HIV infections are characterized by a dynamic viral population of closely related variants that can quickly adapt to changing selective pressures, which manifests in a formidable speed at which genetic diversity accumulates within hosts (15). This rapid accumulation of genetic diversity makes HIV-1 a prime example of “measurably evolving populations” (16). As a consequence, there has been an important role for phylogenetic tools to shed light on the epidemiological history of HIV. In fact, this has stimulated many developments in the field of statistical phylodynamics, such as molecular clock models to incorporate sampling time as calibration information (17, 18) and coalescent models to infer the changes in viral population size over time (19–21). More recently, such genealogy-based population genetic inferences have also been complemented by state-of-the-art phylogeographic tools (22–24). Phylodynamic analyses of HIV-1 have culminated in a relatively rich statistical account of its evolutionary and epidemiological history (1).
While these statistical models and inference tools have proven invaluable for testing hypotheses using virus genetic data (25, 26), they are limited in their ability to link epidemic processes to pathogen evolution because nongenetic data are usually not directly incorporated into the models. For phylogeography, this has recently been addressed by extending a Bayesian discrete phylogenetic diffusion approach in order to incorporate covariates in the process of spread (27). This approach estimates phylogeographic history while identifying the contributions of several potential explanatory variables (predictors) of spatial spread and allows cross talk between the spatial genetic distribution and the relevant predictors. The predictors are selected for the ability to explain the location transition history, but by helping to inform the process parameters, they can also assist in shaping ancestral reconstructions. This approach has already proven useful in elucidating the drivers of both human and swine influenza virus dispersal (27, 28).

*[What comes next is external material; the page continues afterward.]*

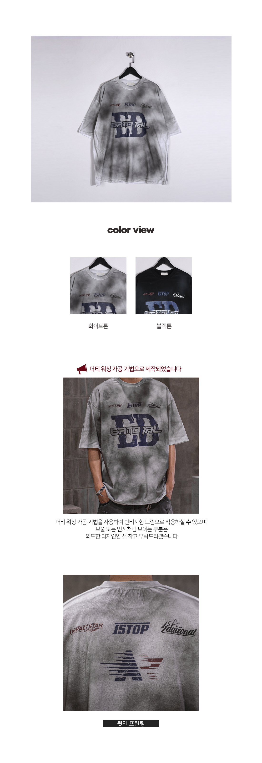 감각적인 분위기를 완성해 줄 반팔 티입니다. 트렌디한 더티 워싱이 스트릿한 무드를 완성해 주고, 전면과 후면의 레터링 및 로고 디자인이 매력적인 포인트를 선사합니다. 맨살에 닿아도 부담 없는 부드러운 면 100% 소재로 잦은 세탁에도 변형이 적어 오랫동안 관리하기 용이합니다. 여유 있는 아웃핏으로 단독 착용은 물론, 레이어드로 코디하셔도 멋스러운 스타일링이 가능합니다. COLOR 화이트톤,블랙톤 SIZE FREE 모델착용 [KIHOON]색상 : 화이트톤 / 사이즈 : FREE ![]() ![]() ![]() ![]() ![]() ![]() ![]() ![]()

In the present study, we reconstruct the phylogeographic history of HIV-1C in Brazil, incorporating newly obtained sequence data. While previous studies mostly included sequences from state capital cities, here, we expanded the spatial sampling by including HIV-1C sequences from 10 rural locations in the southernmost states, RS and SC. Our study demonstrates for the first time that augmenting the molecular sequence data with relevant epidemiological information can contribute to the robustness of phylogeographic reconstructions.
MATERIALS AND METHODS
Patients, samples, and new sequences.
A total of 360 HIV-1-seropositive patients from 13 cities in the states of SC and RS (Fig. 1) were enrolled in this study, which was approved by the ethics committees of the Federal University of Santa Catarina and the Foundation of Research and Production in Health of the state of Rio Grande do Sul. Between October 2009 and February 2014, blood samples were collected, and HIV-1 envelope (HXB2 bp 6846 to 7360) and polymerase (HXB2 bp 2274 to 3545) fragments were amplified from whole cellular DNA by nested PCR and sequenced as described previously (29). The sequences were subtyped using the REGA, RIP, and SCUEAL online subtyping tools (30–32) and by performing maximum-likelihood phylogenetic inference incorporating HIV-1 subtype reference sequences available from the Los Alamos HIV sequence database (http://www.hiv.lanl.gov). Recombinant sequences were identified through bootscanning analysis using Simplot 3.5.1 (33) (see Text S1 in the supplemental material for methodological details).
Sequence data set compilation.
Briefly, we complemented our new sequence data with all publically available Brazilian HIV-1C sequences (HIV-1C_BR) from pol and env genes (n = 385). Non-Brazilian HIV-1C sequences were selected using BLAST+ (34). For this purpose, we created a local BLAST database that contained all HIV1-C sequences minus those from Brazil. We performed a similarity search on this database using every HIV-1C_BR sequence as a query, and the 50 best hits for each search were logged. Duplicate entries were removed from these hits and compiled as the international database. After extensive data cleaning, this resulted in data sets with 1,522 pol and 621 env sequences that were downsampled to around 500 sequences each to reduce the computational burden in subsequent Bayesian statistical analyses (see Text S1 in the supplemental material for full details of the procedure followed). Six additional subsamplings containing only Brazilian sequences were made for pol and env to allow assessment of the robustness of the phylogeographic reconstructions (see below). For this, we aimed at reducing sampling bias by creating three random downsamples in two groups: (i) Rand10, with a maximum of 10 sequences by location, and (ii) Rand20, with a maximum of 20 sequences by location (see Table S1 in the supplemental material for the HIV-1C_BR sequences in each data set).
Phylogenetic divergence time estimation and population dynamics inference.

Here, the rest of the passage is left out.